Return each entry word for word. Leave the images out.

Content starts

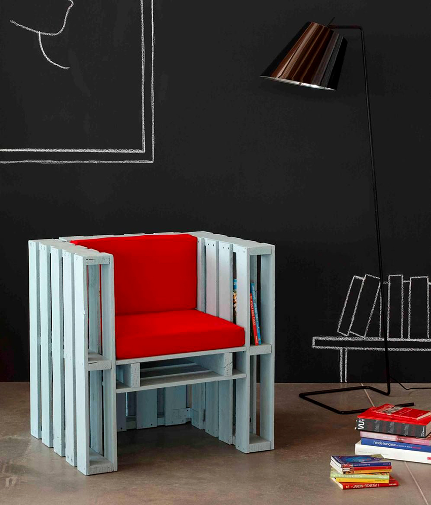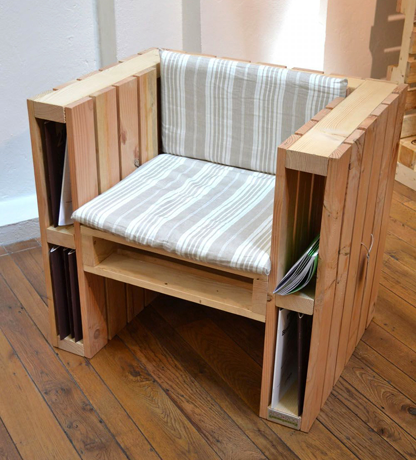 Trepaller er ferdige deler som må behandles og kombineres i en enkelt struktur. Det er ganske enkelt å bygge en stol, sofa og til og med et bord fra dem. Du kan male den ferdige strukturen, kaste et teppe over den, et par puter, eller velge et annet design som harmonisk vil kombinere med interiøret.
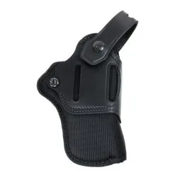 An ambidextrous exoskeleton made of top grain steerhide allows the belt to be threaded through either side of the holster body in strongside or crossdraw positions, for right or left hand draw. The safety strap has a hammer slot (not available on models for single-action revolvers) and is reversible for ambidextrous use.
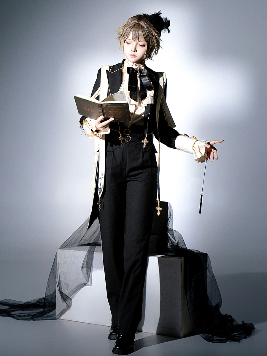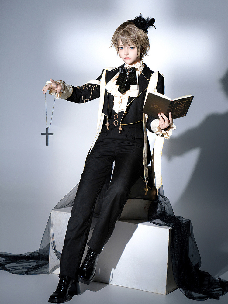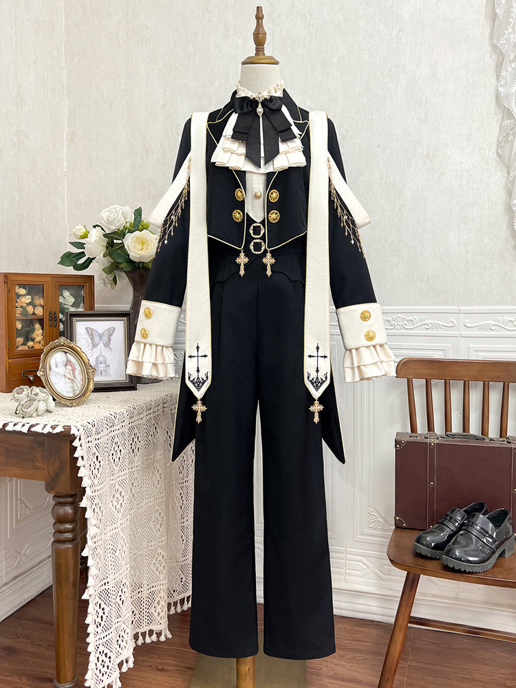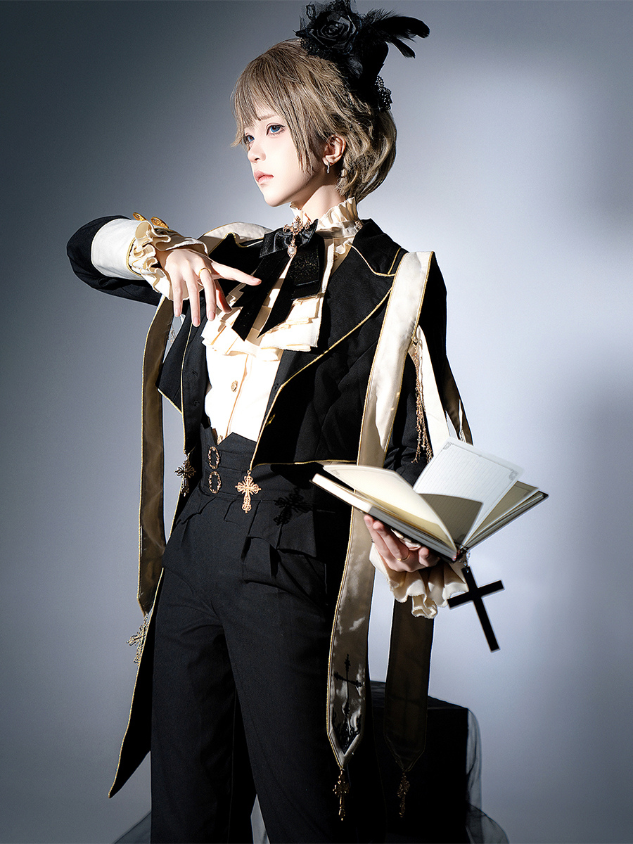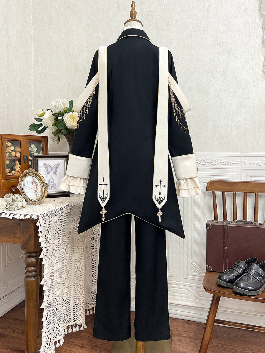 王子 ロリータ ドレス ゴシック ブラック クラシック フリル クロス 長袖 シャツ オーバーコート パンツ セット
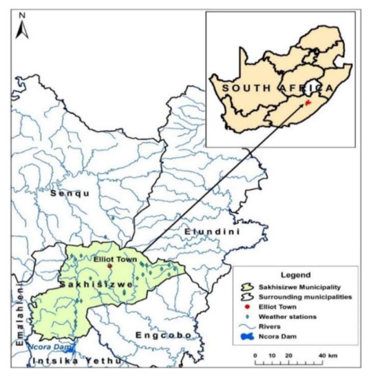 Sakhisizwe Municipality is an administrative area in the Eastern Cape Province, South Africa, located at 26°41′ S, 30°55′ E (Figure 2), with an area of 2556 km2. It is comprised of gently undulating “table land” forming the Drakensberg foothills, with elevation ranging between 750 m and 2600 m [23]. The rocky and undulating landscape makes it difficult for smallholder farmers to be productive and be food secure. The highly variable elevation shapes the soil types, where low areas are dominated by clay soils that are highly erodible, but the hills in the surrounding areas are made up of strong lithosols [23]. It receives an average annual rainfall of between 600 mm and 1000 mm.
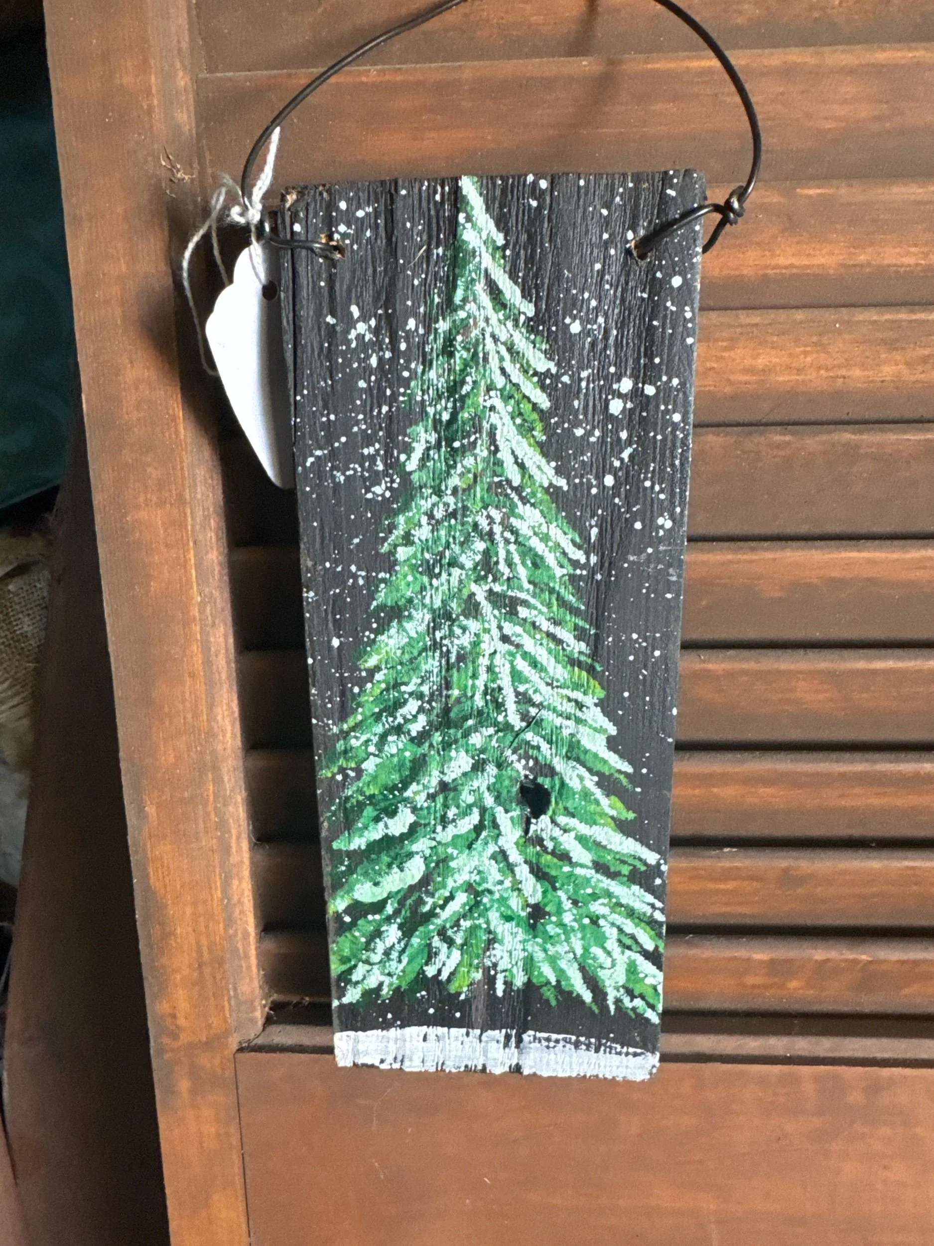 This tree is painted out a reclaim board that measures 3 1/4 inches wide by 8 inches tall and 1/2 inch thick. It is sprayed with a protective clear coat has a wire hanging.
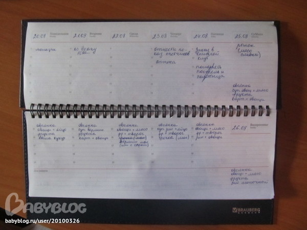 В качестве семейного календаря я использую планер, причем завела его задолго до первого взлета. Т.к. память у меня дырявая, то для меня это незаменимый помощник Вот так он выглядит (девочки, фото с прошлого взлета, потому что сегодня забыла его сфотать, а сейчас в фотике сели батарейки, но календарь выглядит также, единственное отличие, сейчас я там не пишу меню для сынули)
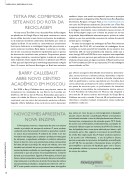 MERCADO, EMPRESAS & CIATETRA PAK COMEMORASETE ANOS DO ROTA DARECICLAGEMHá sete anos a Tetra Pak criou o buscador Rota da Reciclagem, em plataforma do Google Maps, e hoje pode comemorar a marca de um milhão de visitas e mais de cinco mil pontos de recebimen- to de materiais recicláveis cadastrados, distribuídos por todas as regiões do Brasil. O site auxilia os consumidores a encontrarem locais para destinarem as embalagens longa-vida pós-consumo e outros materiais recicláveis. Basta digitar o endereço no localiza- dor do site e as pessoas descobrem rapidamente quais os pontos de descarte dos recicláveis mais próximos. Cooperativas, pontos de entrega voluntária e comércios ligados à cadeia de reciclagem estão mapeados. Outra opção de busca é o aplicativo para iPhone e iPad, que está disponível para download gratuitamente na Apple Store. O sucesso do Rota da Reciclagem no Brasil nos estimulouBARRY CALLEBAUTABRE NOVO CENTROACADÊMICO EM MOSCOUEm 2008, a Barry Callebaut abriu seu primeiro centro de treinamento nas instalações de sua fábrica de chocolate em Chekhov, a 60 km ao Sul de Moscou. Realocados agora para o centro da cidade de Moscou, a nova Academia de Chocolate continuará a ser um centro de treinamento exclusivo na Rússia. Segundo a Barry Callebaut, trata-se do único centro desse tipotambém a lançar uma versão em espanhol, que traz os principais pontos mapeados na Argentina, Chile, Panamá, Costa Rica, República Dominicana, Paraguai e Uruguai. Hoje, o www.rutadelreciclado.com tem cerca de 500 pontos cadastrados. De acordo com a Tetra Pak, a empresa possui grande conhecimento na área de coleta seletiva e reciclagem, funcionando como catalisadora nesse processo. O Rota da Reciclagem surgiu com o intuito de prestar um serviço à população, disponibilizando alternativas para a prática da coleta seletiva e, com isso, permitindo o aumento do volume de material enviado para a reciclagem.As taxas de reciclagem das embalagens da Tetra Pak continuam a progredir. Em 2014, 651 mil toneladas de embalagens foram recicladas no mundo, ante 623 mil toneladas do ano anterior. Isso representa 26% do total produzido pela empresa, sendo que a meta é atingir 40% até 2020. Para isso, a empresa está empenhada e trabalha com seus parceiros para enfrentar os desafios, tais como a falta de infraestrutura em alguns mercados. O Brasil reciclou mais de 76 mil toneladas em 2014, o que representa 31% das embalagens comercializadas no País.que oferece uma gama diversificada de seminários, demonstra- ções, cursos teóricos e oficinas práticas, destinados a inspirar os artesãos e profissionais da culinária, incluindo chocolatiers, chefs de panificação e outros especialistas em chocolate, bem como culinaristas profissionais. O centro também servirá como um ponto de encontro para os profissionais de chocolate, incentivando o intercâmbio de conhecimento técnico entre si. A nova Academia do Chocolate em Moscou está integrada a uma rede de 18 outros centros de formação do Grupo Barry Callebaut em todo o mundo. Cerca de 38 mil profissionais de chocolate e artesãos recebem treinamento nessas modernas academias a cada ano.NOVOZYMES APRESENTA NOVA ENZIMAA Novozymes anunciou o lançamento de uma nova enzima visando a produção de xaropes de maltose. O novo produto, conhecido como Secura, ajuda a otimizar as operações e reduzir os custos de processamento. A indústria de amido é um dos mercados mais antigos para as enzimas e produz uma vasta gama de adoçantes e ingredientes utilizados na indústria alimentícia. Secura é descrito como uma enzima beta-amilase termoestável de baixo pH para a produção de xarope de maltose, com uma atividade mais elevada do que os produtos beta-amilase prove- nientes de plantas, resultando em uma dosagem mais simples, mais consistente e que não precisa de acompanhamento constante durante o processamento. Segundo a Novozymes, o fato de que Secura tolera temperaturas mais elevadas oferece um benefício importante para os produtores de amido. Os xaropes de maltose são tipicamente produzidos a temperaturas inferiores a 55°C - 60°C e tem pressão osmótica relativamente baixa. Isso significaque existe um risco de que os microorganismos indesejados possam crescer durante a sacarificação. Manter a temperatura mais elevada, minimiza o risco de infecções bacterianas e Secura funciona bem a temperaturas tão elevadas quanto 70°C.Ainda de acordo com a Novozymes, tradicionalmente, a produção de xarope de maltose requer um aumento de pH 4,0 a 5,6 antes da fase de liquefação, bem como ajuste adicional para baixar o pH, novamente, para a fase seguinte no processo de sacarificação do amido. Esse duplo ajuste de pH requer produtos químicos e, de acordo com a Novozymes, o uso de LpHera e Secura, permite a execução dos processos de liquefação e sacarificação em pH 4,8. No ano passado, a Novozymes lançou os LpHera para simplificar o processo de liquefação, agora com o Secura, está ajudando a facilitar o processo de sacarificação na produção de xarope de maltose.10ADITIVOS & INGREDIENTES
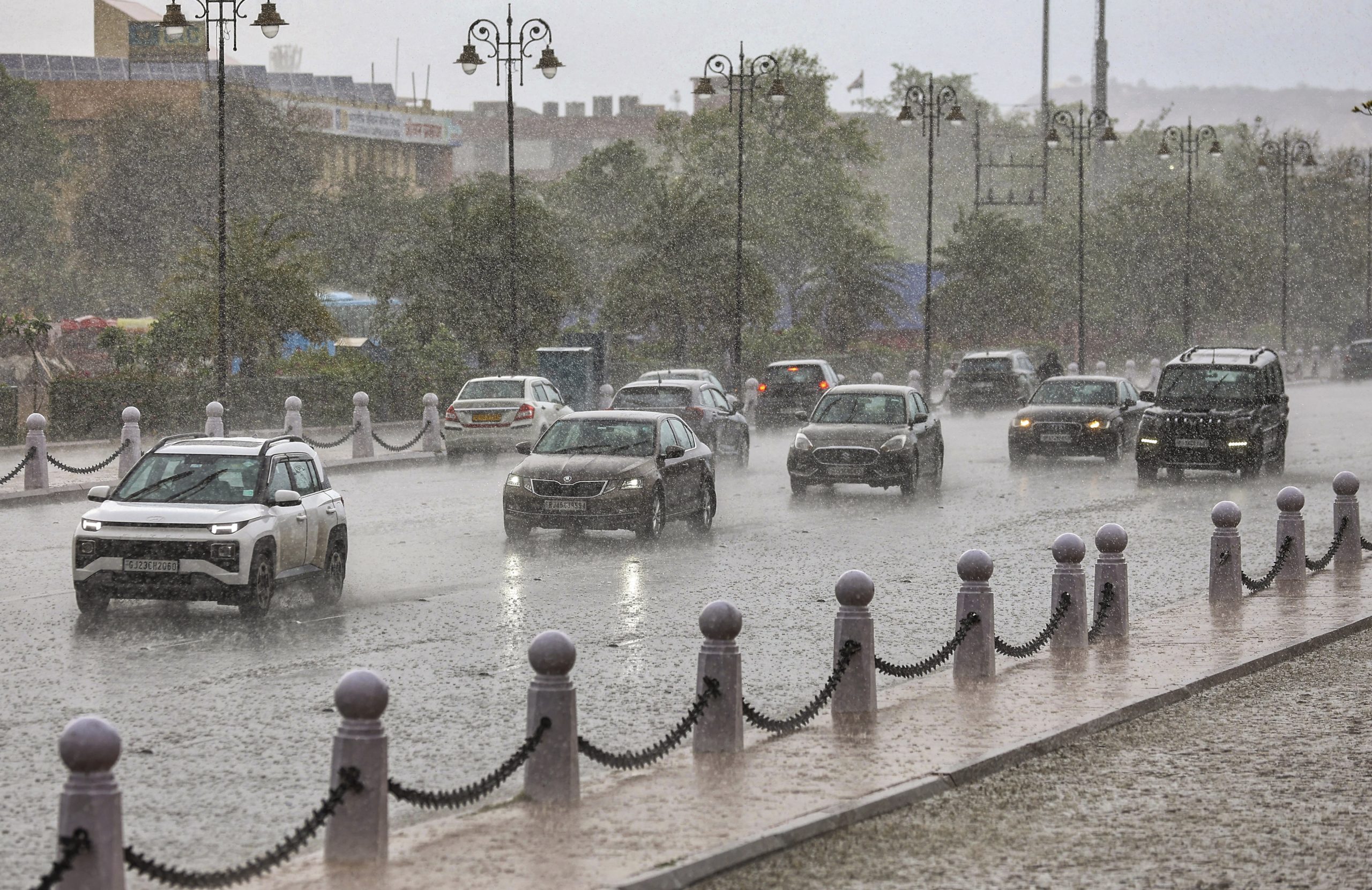 Jaipur: Vehicles ply on road amid rainfall, at Janpath, in Jaipur, Thursday, May 8, 2025. (PTI Photo) (PTI05_08_2025_000169B)

Content ends

Solution to the problem:
 Trepaller er ferdige deler som må behandles og kombineres i en enkelt struktur. Det er ganske enkelt å bygge en stol, sofa og til og med et bord fra dem. Du kan male den ferdige strukturen, kaste et teppe over den, et par puter, eller velge et annet design som harmonisk vil kombinere med interiøret.
 An ambidextrous exoskeleton made of top grain steerhide allows the belt to be threaded through either side of the holster body in strongside or crossdraw positions, for right or left hand draw. The safety strap has a hammer slot (not available on models for single-action revolvers) and is reversible for ambidextrous use.
 王子 ロリータ ドレス ゴシック ブラック クラシック フリル クロス 長袖 シャツ オーバーコート パンツ セット
 Sakhisizwe Municipality is an administrative area in the Eastern Cape Province, South Africa, located at 26°41′ S, 30°55′ E (Figure 2), with an area of 2556 km2. It is comprised of gently undulating “table land” forming the Drakensberg foothills, with elevation ranging between 750 m and 2600 m [23]. The rocky and undulating landscape makes it difficult for smallholder farmers to be productive and be food secure. The highly variable elevation shapes the soil types, where low areas are dominated by clay soils that are highly erodible, but the hills in the surrounding areas are made up of strong lithosols [23]. It receives an average annual rainfall of between 600 mm and 1000 mm.
 This tree is painted out a reclaim board that measures 3 1/4 inches wide by 8 inches tall and 1/2 inch thick. It is sprayed with a protective clear coat has a wire hanging.
 В качестве семейного календаря я использую планер, причем завела его задолго до первого взлета. Т.к. память у меня дырявая, то для меня это незаменимый помощник Вот так он выглядит (девочки, фото с прошлого взлета, потому что сегодня забыла его сфотать, а сейчас в фотике сели батарейки, но календарь выглядит также, единственное отличие, сейчас я там не пишу меню для сынули)
 MERCADO, EMPRESAS & CIATETRA PAK COMEMORASETE ANOS DO ROTA DARECICLAGEMHá sete anos a Tetra Pak criou o buscador Rota da Reciclagem, em plataforma do Google Maps, e hoje pode comemorar a marca de um milhão de visitas e mais de cinco mil pontos de recebimen- to de materiais recicláveis cadastrados, distribuídos por todas as regiões do Brasil. O site auxilia os consumidores a encontrarem locais para destinarem as embalagens longa-vida pós-consumo e outros materiais recicláveis. Basta digitar o endereço no localiza- dor do site e as pessoas descobrem rapidamente quais os pontos de descarte dos recicláveis mais próximos. Cooperativas, pontos de entrega voluntária e comércios ligados à cadeia de reciclagem estão mapeados. Outra opção de busca é o aplicativo para iPhone e iPad, que está disponível para download gratuitamente na Apple Store. O sucesso do Rota da Reciclagem no Brasil nos estimulouBARRY CALLEBAUTABRE NOVO CENTROACADÊMICO EM MOSCOUEm 2008, a Barry Callebaut abriu seu primeiro centro de treinamento nas instalações de sua fábrica de chocolate em Chekhov, a 60 km ao Sul de Moscou. Realocados agora para o centro da cidade de Moscou, a nova Academia de Chocolate continuará a ser um centro de treinamento exclusivo na Rússia. Segundo a Barry Callebaut, trata-se do único centro desse tipotambém a lançar uma versão em espanhol, que traz os principais pontos mapeados na Argentina, Chile, Panamá, Costa Rica, República Dominicana, Paraguai e Uruguai. Hoje, o www.rutadelreciclado.com tem cerca de 500 pontos cadastrados. De acordo com a Tetra Pak, a empresa possui grande conhecimento na área de coleta seletiva e reciclagem, funcionando como catalisadora nesse processo. O Rota da Reciclagem surgiu com o intuito de prestar um serviço à população, disponibilizando alternativas para a prática da coleta seletiva e, com isso, permitindo o aumento do volume de material enviado para a reciclagem.As taxas de reciclagem das embalagens da Tetra Pak continuam a progredir. Em 2014, 651 mil toneladas de embalagens foram recicladas no mundo, ante 623 mil toneladas do ano anterior. Isso representa 26% do total produzido pela empresa, sendo que a meta é atingir 40% até 2020. Para isso, a empresa está empenhada e trabalha com seus parceiros para enfrentar os desafios, tais como a falta de infraestrutura em alguns mercados. O Brasil reciclou mais de 76 mil toneladas em 2014, o que representa 31% das embalagens comercializadas no País.que oferece uma gama diversificada de seminários, demonstra- ções, cursos teóricos e oficinas práticas, destinados a inspirar os artesãos e profissionais da culinária, incluindo chocolatiers, chefs de panificação e outros especialistas em chocolate, bem como culinaristas profissionais. O centro também servirá como um ponto de encontro para os profissionais de chocolate, incentivando o intercâmbio de conhecimento técnico entre si. A nova Academia do Chocolate em Moscou está integrada a uma rede de 18 outros centros de formação do Grupo Barry Callebaut em todo o mundo. Cerca de 38 mil profissionais de chocolate e artesãos recebem treinamento nessas modernas academias a cada ano.NOVOZYMES APRESENTA NOVA ENZIMAA Novozymes anunciou o lançamento de uma nova enzima visando a produção de xaropes de maltose. O novo produto, conhecido como Secura, ajuda a otimizar as operações e reduzir os custos de processamento. A indústria de amido é um dos mercados mais antigos para as enzimas e produz uma vasta gama de adoçantes e ingredientes utilizados na indústria alimentícia. Secura é descrito como uma enzima beta-amilase termoestável de baixo pH para a produção de xarope de maltose, com uma atividade mais elevada do que os produtos beta-amilase prove- nientes de plantas, resultando em uma dosagem mais simples, mais consistente e que não precisa de acompanhamento constante durante o processamento. Segundo a Novozymes, o fato de que Secura tolera temperaturas mais elevadas oferece um benefício importante para os produtores de amido. Os xaropes de maltose são tipicamente produzidos a temperaturas inferiores a 55°C - 60°C e tem pressão osmótica relativamente baixa. Isso significaque existe um risco de que os microorganismos indesejados possam crescer durante a sacarificação. Manter a temperatura mais elevada, minimiza o risco de infecções bacterianas e Secura funciona bem a temperaturas tão elevadas quanto 70°C.Ainda de acordo com a Novozymes, tradicionalmente, a produção de xarope de maltose requer um aumento de pH 4,0 a 5,6 antes da fase de liquefação, bem como ajuste adicional para baixar o pH, novamente, para a fase seguinte no processo de sacarificação do amido. Esse duplo ajuste de pH requer produtos químicos e, de acordo com a Novozymes, o uso de LpHera e Secura, permite a execução dos processos de liquefação e sacarificação em pH 4,8. No ano passado, a Novozymes lançou os LpHera para simplificar o processo de liquefação, agora com o Secura, está ajudando a facilitar o processo de sacarificação na produção de xarope de maltose.10ADITIVOS & INGREDIENTES
 Jaipur: Vehicles ply on road amid rainfall, at Janpath, in Jaipur, Thursday, May 8, 2025. (PTI Photo) (PTI05_08_2025_000169B)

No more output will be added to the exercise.